What is needed | Take the entries below and reproduce exactly the portion that begins at the line containing "Phó Chính ủy" and ends at the line containing "La Foce, with", keeping both ends, dropping pictures, and adding nothing else.

Top of Raw data

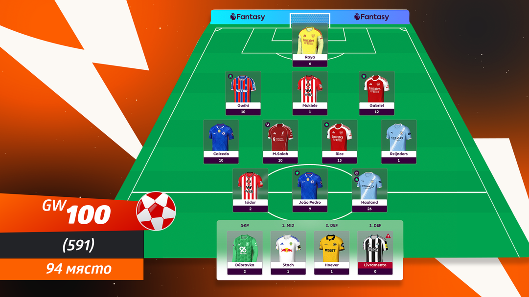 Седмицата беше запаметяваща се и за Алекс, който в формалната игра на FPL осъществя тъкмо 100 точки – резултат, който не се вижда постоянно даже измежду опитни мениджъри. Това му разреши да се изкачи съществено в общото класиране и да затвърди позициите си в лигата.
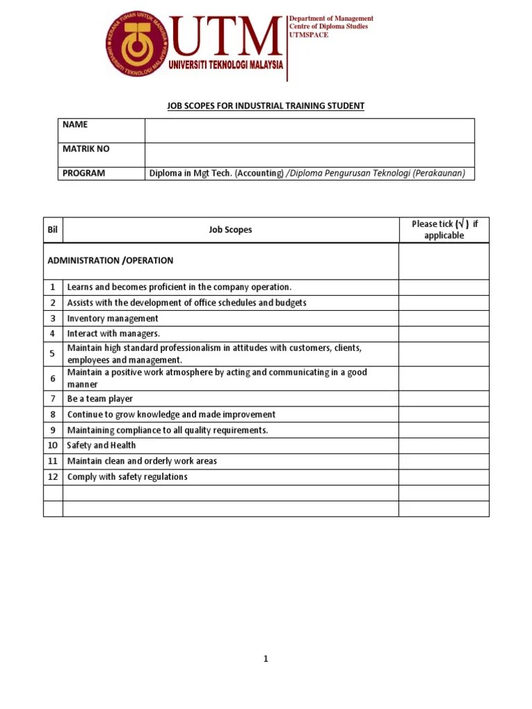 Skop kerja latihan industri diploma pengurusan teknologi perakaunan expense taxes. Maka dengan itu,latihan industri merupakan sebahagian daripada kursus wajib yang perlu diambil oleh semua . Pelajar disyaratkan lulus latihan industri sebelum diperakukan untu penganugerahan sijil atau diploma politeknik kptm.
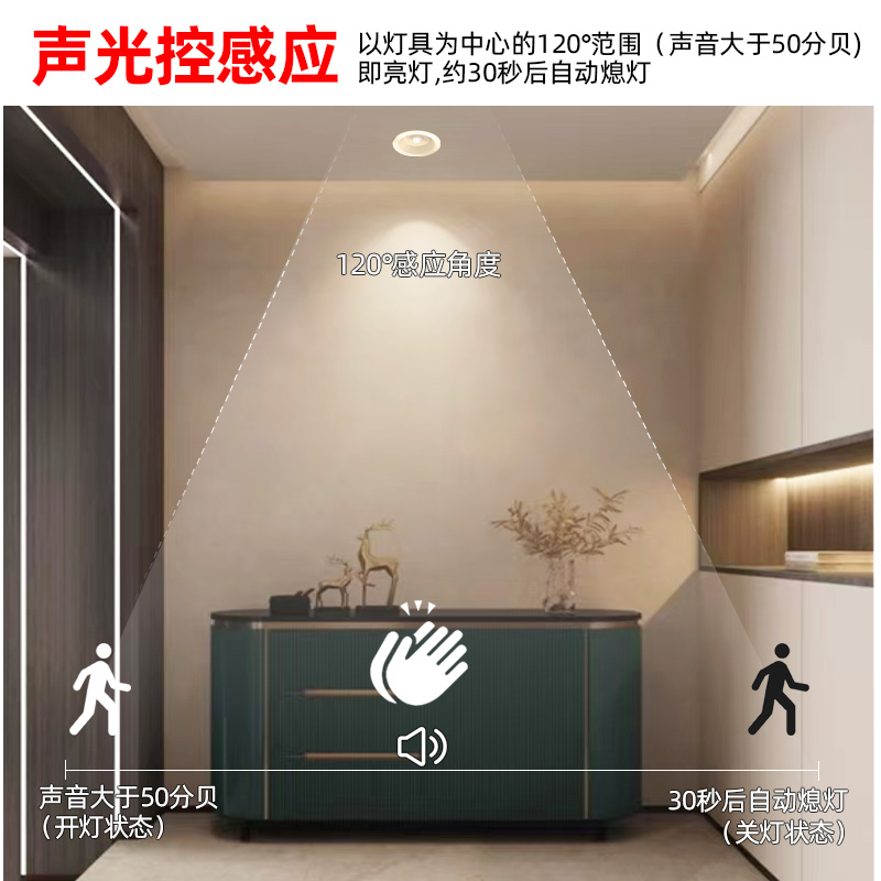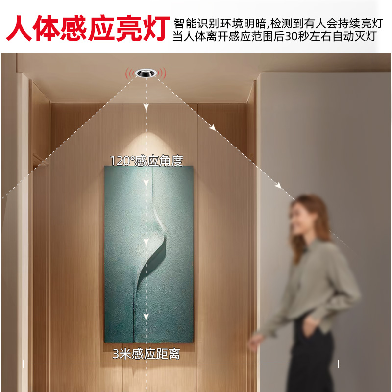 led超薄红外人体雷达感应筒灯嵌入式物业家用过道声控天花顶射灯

Bottom of Raw data
Top of Raw data

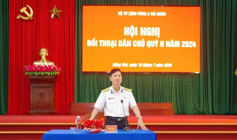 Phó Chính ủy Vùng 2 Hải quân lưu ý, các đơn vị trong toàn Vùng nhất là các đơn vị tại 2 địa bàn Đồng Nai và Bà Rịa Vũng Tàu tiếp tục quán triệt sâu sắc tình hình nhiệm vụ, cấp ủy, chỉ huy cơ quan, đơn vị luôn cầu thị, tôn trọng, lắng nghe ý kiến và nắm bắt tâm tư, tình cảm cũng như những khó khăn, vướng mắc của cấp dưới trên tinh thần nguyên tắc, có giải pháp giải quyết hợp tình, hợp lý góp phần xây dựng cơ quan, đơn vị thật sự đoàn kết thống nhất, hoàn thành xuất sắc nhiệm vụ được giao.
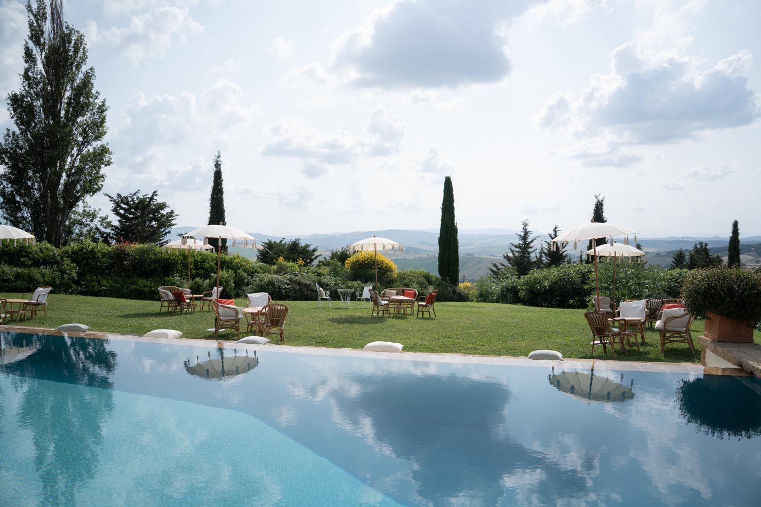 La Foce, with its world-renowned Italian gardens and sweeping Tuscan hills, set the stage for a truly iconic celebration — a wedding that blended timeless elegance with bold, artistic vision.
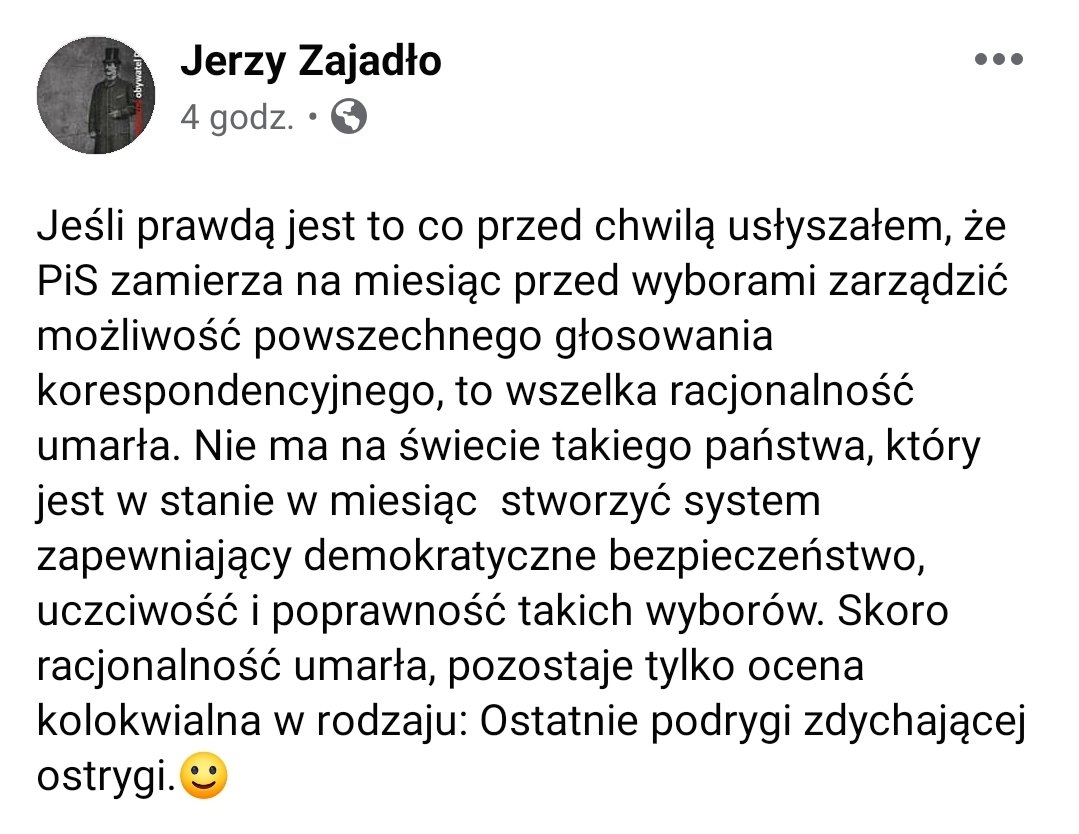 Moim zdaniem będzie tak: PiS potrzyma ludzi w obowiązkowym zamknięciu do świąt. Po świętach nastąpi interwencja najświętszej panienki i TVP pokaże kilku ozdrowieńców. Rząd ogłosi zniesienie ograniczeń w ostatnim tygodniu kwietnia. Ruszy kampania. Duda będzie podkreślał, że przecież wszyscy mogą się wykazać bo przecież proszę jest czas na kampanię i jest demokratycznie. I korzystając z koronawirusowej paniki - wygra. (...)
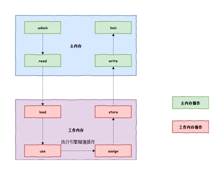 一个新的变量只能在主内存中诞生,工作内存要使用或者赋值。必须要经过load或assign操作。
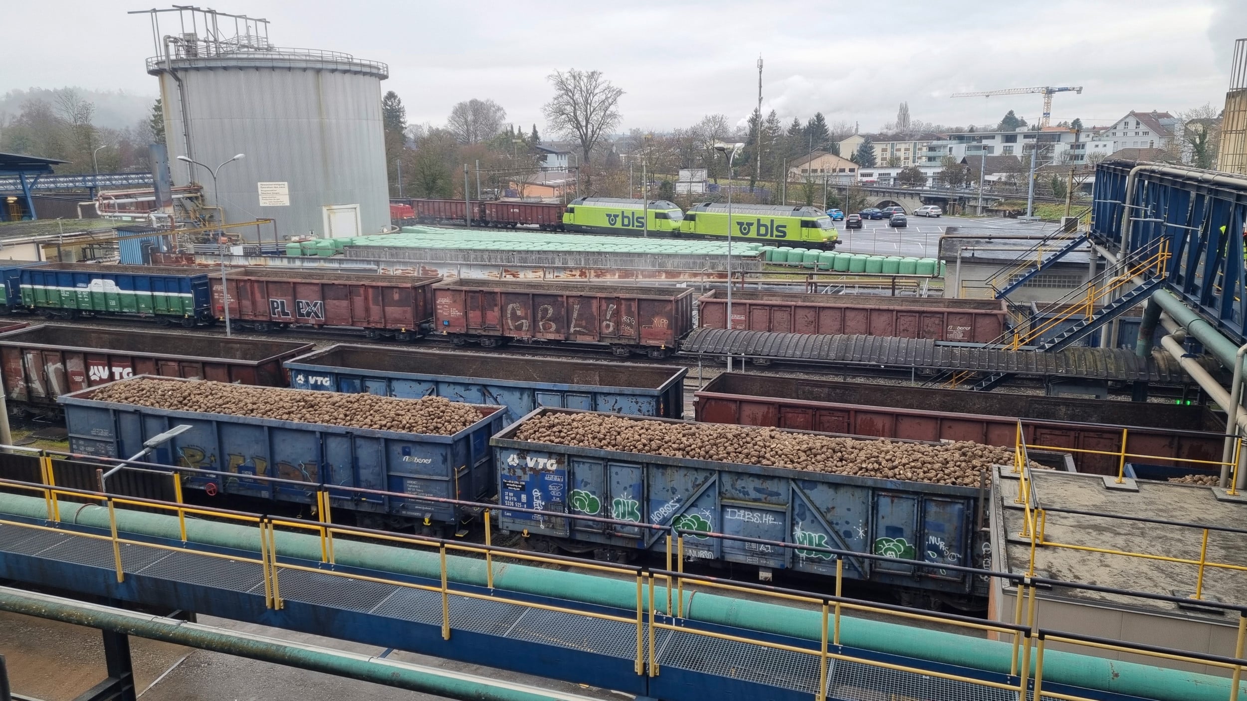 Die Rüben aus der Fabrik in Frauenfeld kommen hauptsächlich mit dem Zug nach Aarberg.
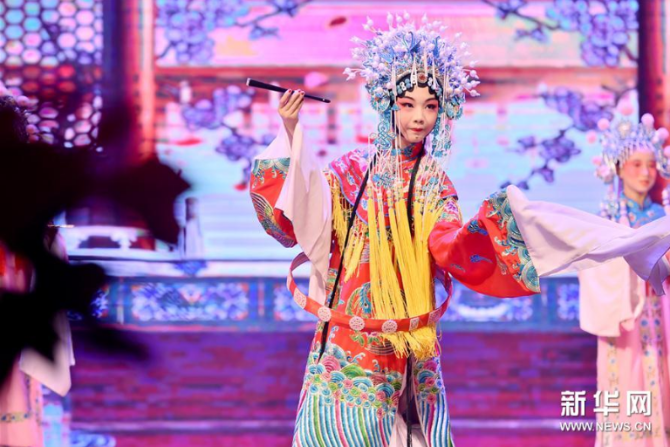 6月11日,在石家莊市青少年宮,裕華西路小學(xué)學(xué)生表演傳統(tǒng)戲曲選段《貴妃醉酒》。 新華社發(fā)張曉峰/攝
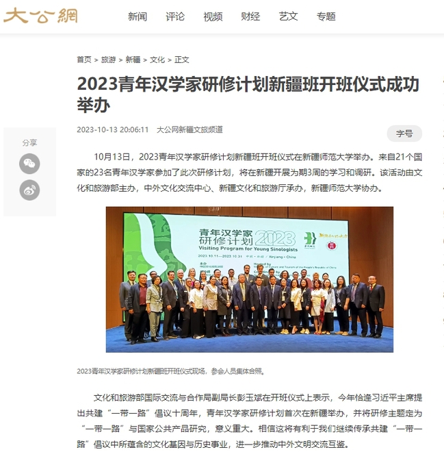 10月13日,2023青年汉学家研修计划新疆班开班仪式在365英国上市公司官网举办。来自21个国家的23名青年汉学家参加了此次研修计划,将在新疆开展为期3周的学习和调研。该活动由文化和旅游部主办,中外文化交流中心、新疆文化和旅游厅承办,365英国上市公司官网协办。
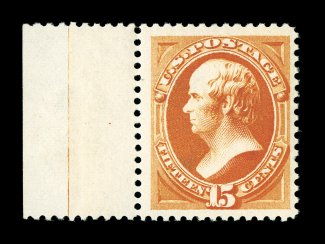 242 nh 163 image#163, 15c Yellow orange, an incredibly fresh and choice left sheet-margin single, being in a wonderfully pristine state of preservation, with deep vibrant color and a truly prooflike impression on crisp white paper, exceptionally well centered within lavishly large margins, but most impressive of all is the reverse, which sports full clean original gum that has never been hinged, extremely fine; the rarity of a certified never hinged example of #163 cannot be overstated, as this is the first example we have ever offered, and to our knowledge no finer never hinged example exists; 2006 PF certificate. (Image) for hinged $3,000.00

Bottom of Raw data
Top of Raw data

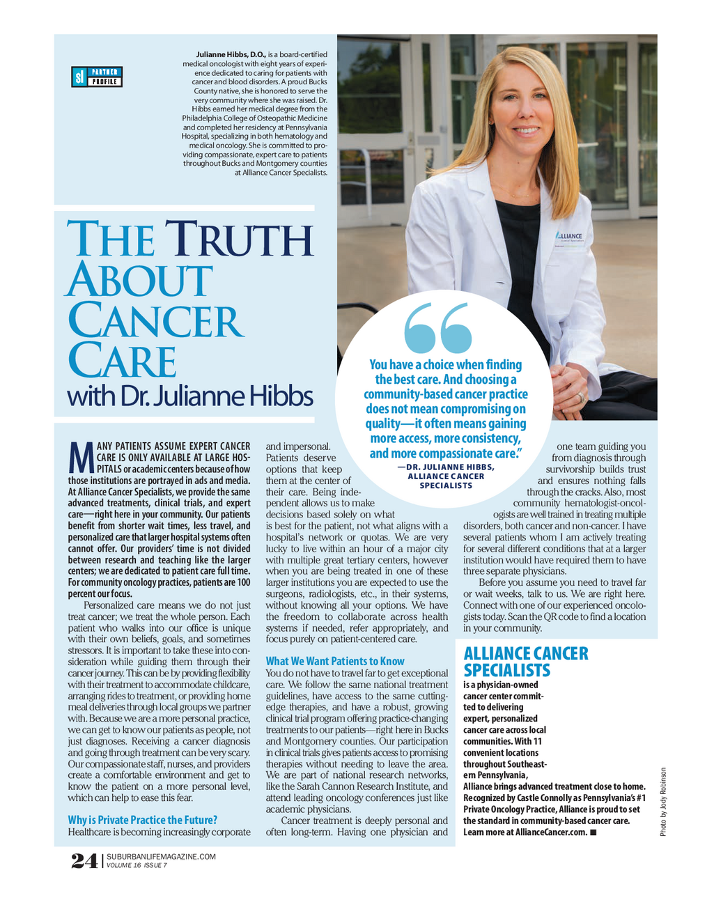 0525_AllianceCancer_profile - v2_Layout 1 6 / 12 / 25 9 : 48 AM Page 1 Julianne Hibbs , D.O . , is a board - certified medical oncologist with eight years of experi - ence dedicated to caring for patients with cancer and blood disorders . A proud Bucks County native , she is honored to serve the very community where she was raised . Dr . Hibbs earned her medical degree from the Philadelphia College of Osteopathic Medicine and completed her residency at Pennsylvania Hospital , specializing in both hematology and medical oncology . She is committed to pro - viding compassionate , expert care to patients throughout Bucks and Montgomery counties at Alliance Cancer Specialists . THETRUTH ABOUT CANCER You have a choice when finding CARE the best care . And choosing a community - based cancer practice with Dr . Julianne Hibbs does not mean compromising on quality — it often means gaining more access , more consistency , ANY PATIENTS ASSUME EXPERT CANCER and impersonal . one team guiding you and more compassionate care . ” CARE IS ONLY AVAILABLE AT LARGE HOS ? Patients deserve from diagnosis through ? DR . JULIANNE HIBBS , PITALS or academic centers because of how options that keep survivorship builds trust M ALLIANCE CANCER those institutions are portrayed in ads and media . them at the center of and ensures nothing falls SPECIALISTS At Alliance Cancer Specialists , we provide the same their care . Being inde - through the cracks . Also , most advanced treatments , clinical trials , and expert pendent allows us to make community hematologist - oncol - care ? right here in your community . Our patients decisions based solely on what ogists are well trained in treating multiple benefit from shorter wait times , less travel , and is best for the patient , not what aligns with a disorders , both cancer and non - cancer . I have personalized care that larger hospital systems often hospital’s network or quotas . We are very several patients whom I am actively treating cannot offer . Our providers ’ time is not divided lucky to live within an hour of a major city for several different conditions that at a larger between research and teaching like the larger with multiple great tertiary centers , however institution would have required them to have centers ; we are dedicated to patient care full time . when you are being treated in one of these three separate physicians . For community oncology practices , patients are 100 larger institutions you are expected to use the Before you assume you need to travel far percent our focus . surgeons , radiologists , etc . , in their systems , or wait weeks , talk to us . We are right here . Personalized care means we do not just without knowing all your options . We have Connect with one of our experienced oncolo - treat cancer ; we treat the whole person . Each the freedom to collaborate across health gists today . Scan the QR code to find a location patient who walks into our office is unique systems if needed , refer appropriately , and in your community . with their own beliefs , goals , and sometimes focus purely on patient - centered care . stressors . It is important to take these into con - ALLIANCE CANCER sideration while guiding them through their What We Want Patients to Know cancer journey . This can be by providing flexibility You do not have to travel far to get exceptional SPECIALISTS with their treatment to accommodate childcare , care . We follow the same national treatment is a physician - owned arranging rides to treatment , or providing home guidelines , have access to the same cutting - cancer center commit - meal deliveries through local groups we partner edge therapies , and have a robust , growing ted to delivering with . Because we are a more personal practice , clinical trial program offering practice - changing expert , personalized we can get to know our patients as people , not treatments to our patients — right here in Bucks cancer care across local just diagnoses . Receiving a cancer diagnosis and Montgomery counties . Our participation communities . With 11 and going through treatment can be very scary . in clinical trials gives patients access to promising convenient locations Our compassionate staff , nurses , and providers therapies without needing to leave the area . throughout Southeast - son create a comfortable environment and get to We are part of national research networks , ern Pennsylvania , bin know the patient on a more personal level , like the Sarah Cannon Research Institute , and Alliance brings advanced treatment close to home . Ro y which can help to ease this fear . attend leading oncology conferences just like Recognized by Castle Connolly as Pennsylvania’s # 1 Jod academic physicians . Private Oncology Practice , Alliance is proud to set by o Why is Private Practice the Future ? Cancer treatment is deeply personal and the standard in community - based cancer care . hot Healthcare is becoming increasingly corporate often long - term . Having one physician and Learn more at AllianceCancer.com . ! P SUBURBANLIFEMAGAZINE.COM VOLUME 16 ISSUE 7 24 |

Bottom of Raw data

Result of the exercise |
 Phó Chính ủy Vùng 2 Hải quân lưu ý, các đơn vị trong toàn Vùng nhất là các đơn vị tại 2 địa bàn Đồng Nai và Bà Rịa Vũng Tàu tiếp tục quán triệt sâu sắc tình hình nhiệm vụ, cấp ủy, chỉ huy cơ quan, đơn vị luôn cầu thị, tôn trọng, lắng nghe ý kiến và nắm bắt tâm tư, tình cảm cũng như những khó khăn, vướng mắc của cấp dưới trên tinh thần nguyên tắc, có giải pháp giải quyết hợp tình, hợp lý góp phần xây dựng cơ quan, đơn vị thật sự đoàn kết thống nhất, hoàn thành xuất sắc nhiệm vụ được giao.
 La Foce, with its world-renowned Italian gardens and sweeping Tuscan hills, set the stage for a truly iconic celebration — a wedding that blended timeless elegance with bold, artistic vision.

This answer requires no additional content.